= Work instructions =
In the entries below, begin at the line that has "Tính chung 6" and stop after the line that has "Tetování znaky a"; output those lines exactly, leaving out pictures.

= The data =
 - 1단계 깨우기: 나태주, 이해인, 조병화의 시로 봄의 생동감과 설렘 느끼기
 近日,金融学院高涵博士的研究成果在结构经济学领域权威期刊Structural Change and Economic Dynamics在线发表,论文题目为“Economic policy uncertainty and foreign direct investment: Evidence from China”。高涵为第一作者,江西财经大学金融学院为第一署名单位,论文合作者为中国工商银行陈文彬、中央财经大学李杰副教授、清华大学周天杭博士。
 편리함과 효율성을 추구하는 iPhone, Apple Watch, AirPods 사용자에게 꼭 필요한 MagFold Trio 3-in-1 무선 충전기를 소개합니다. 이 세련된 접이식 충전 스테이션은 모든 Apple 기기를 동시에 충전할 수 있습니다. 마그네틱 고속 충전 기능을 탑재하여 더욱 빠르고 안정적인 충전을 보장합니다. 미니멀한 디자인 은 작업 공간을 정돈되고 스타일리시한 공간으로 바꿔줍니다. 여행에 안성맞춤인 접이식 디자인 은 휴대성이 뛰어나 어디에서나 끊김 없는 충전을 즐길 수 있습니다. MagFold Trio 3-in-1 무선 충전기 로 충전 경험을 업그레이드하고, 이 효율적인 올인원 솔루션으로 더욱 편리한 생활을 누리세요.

...

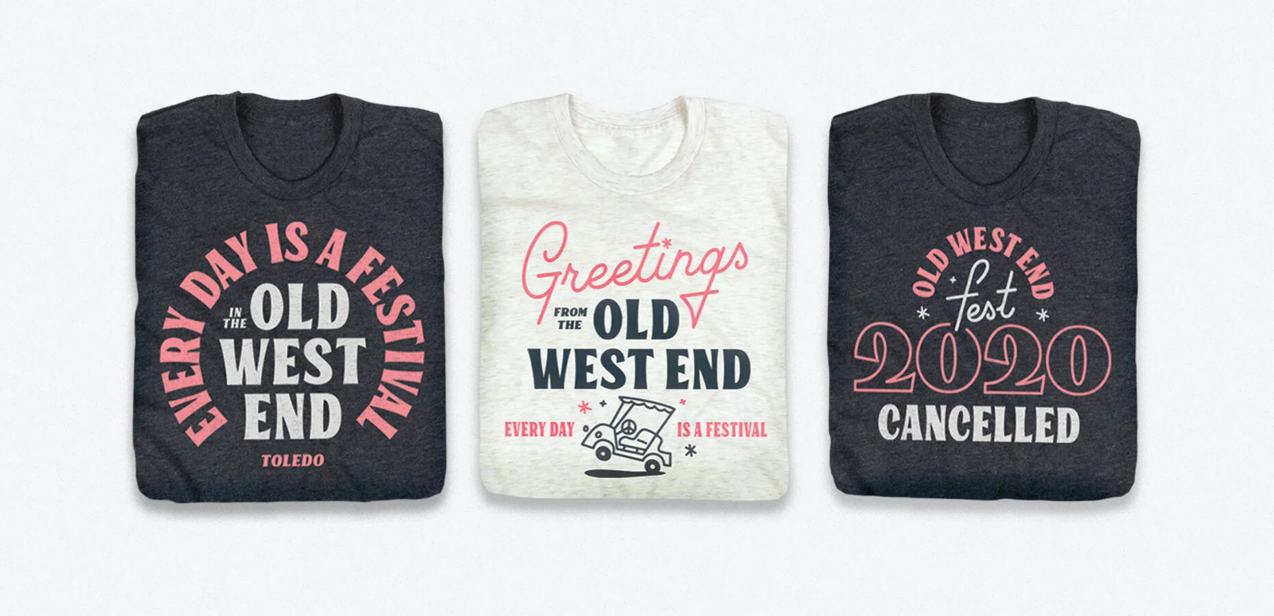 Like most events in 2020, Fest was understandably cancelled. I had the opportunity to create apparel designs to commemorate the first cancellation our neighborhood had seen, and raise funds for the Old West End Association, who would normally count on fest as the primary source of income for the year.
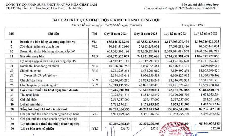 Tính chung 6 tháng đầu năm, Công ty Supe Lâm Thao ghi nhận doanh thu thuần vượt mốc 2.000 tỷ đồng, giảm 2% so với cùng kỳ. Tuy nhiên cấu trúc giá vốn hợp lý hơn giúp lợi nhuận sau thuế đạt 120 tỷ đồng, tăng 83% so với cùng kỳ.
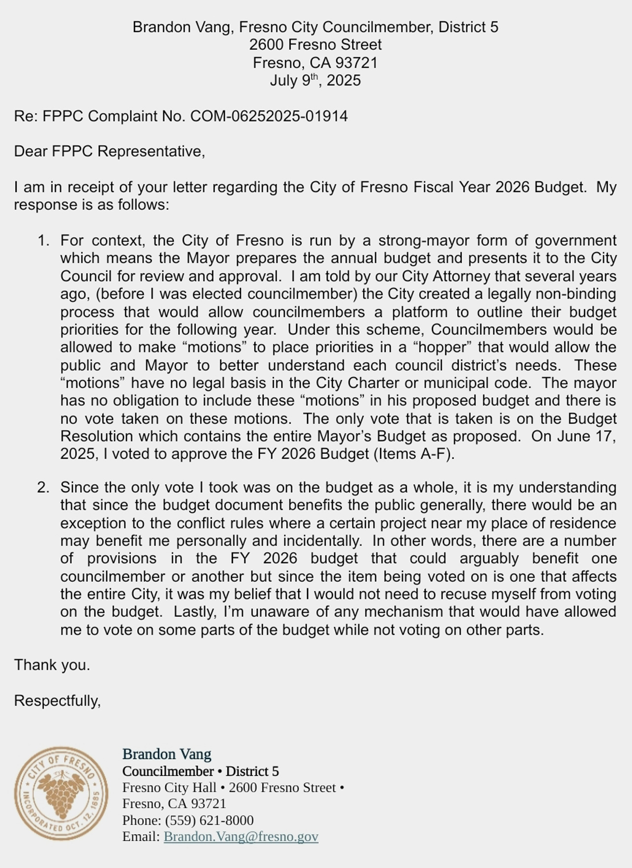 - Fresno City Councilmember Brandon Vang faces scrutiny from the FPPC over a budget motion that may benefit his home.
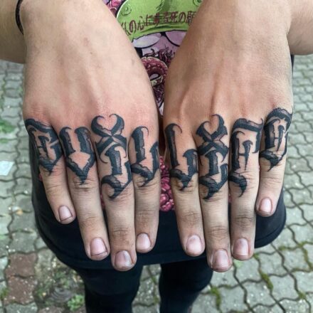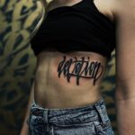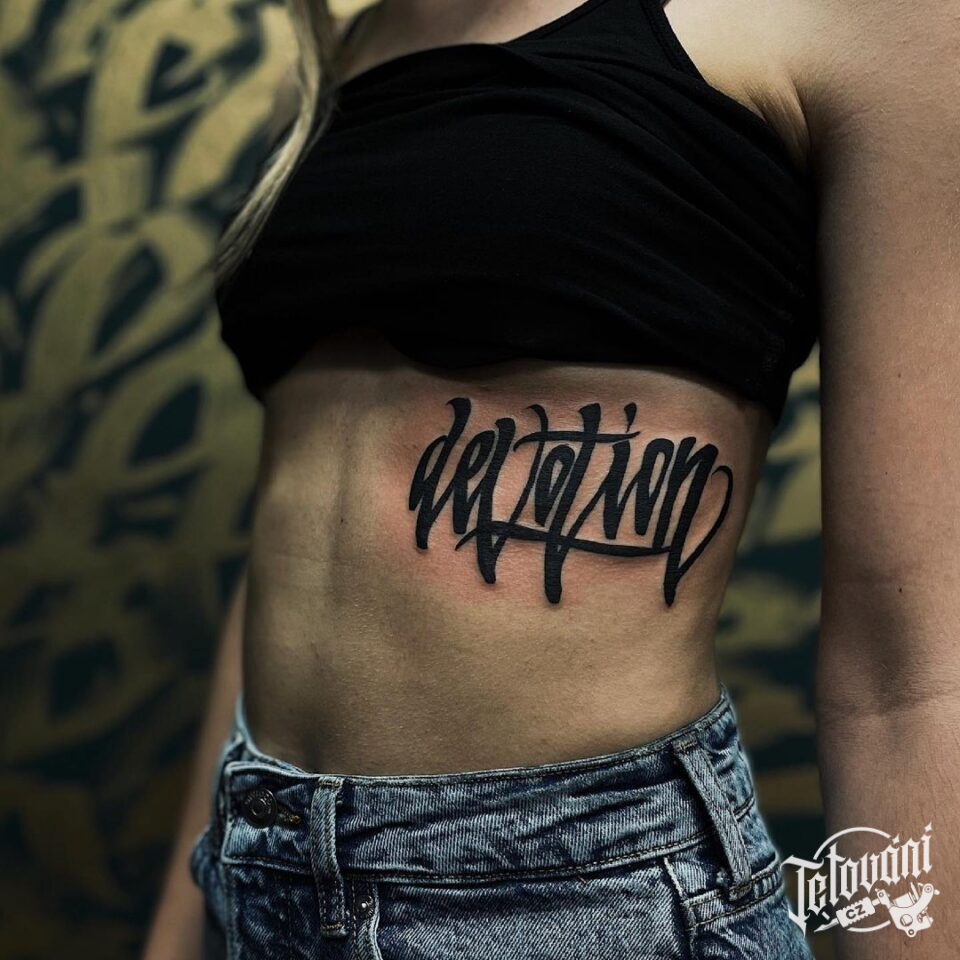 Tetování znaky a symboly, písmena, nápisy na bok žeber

--

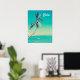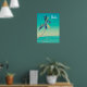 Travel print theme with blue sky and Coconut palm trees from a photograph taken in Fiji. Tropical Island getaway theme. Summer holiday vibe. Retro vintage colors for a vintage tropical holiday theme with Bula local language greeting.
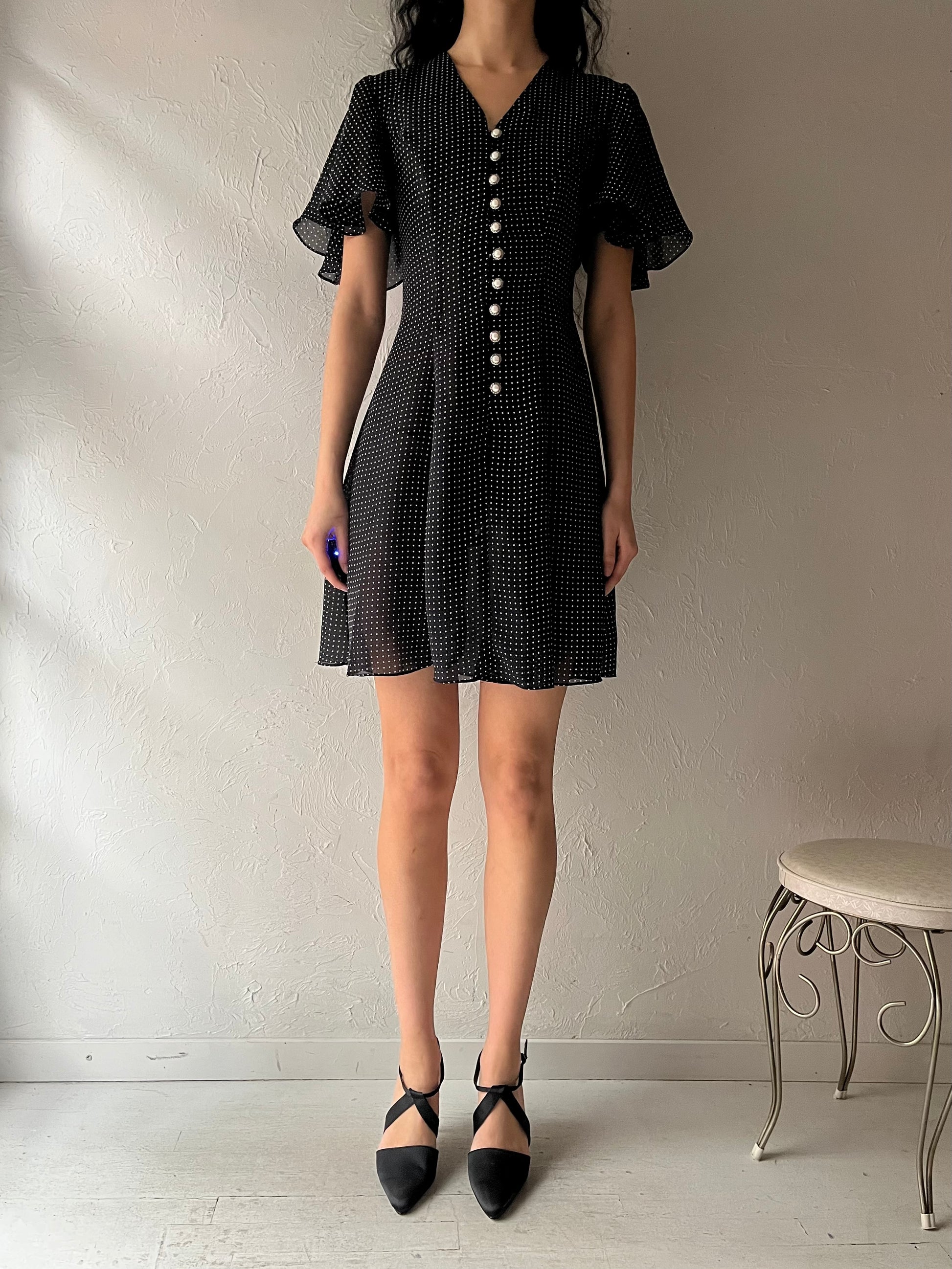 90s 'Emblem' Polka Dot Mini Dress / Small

= Result for this exercise =
 Tính chung 6 tháng đầu năm, Công ty Supe Lâm Thao ghi nhận doanh thu thuần vượt mốc 2.000 tỷ đồng, giảm 2% so với cùng kỳ. Tuy nhiên cấu trúc giá vốn hợp lý hơn giúp lợi nhuận sau thuế đạt 120 tỷ đồng, tăng 83% so với cùng kỳ.
 - Fresno City Councilmember Brandon Vang faces scrutiny from the FPPC over a budget motion that may benefit his home.
 Tetování znaky a symboly, písmena, nápisy na bok žeber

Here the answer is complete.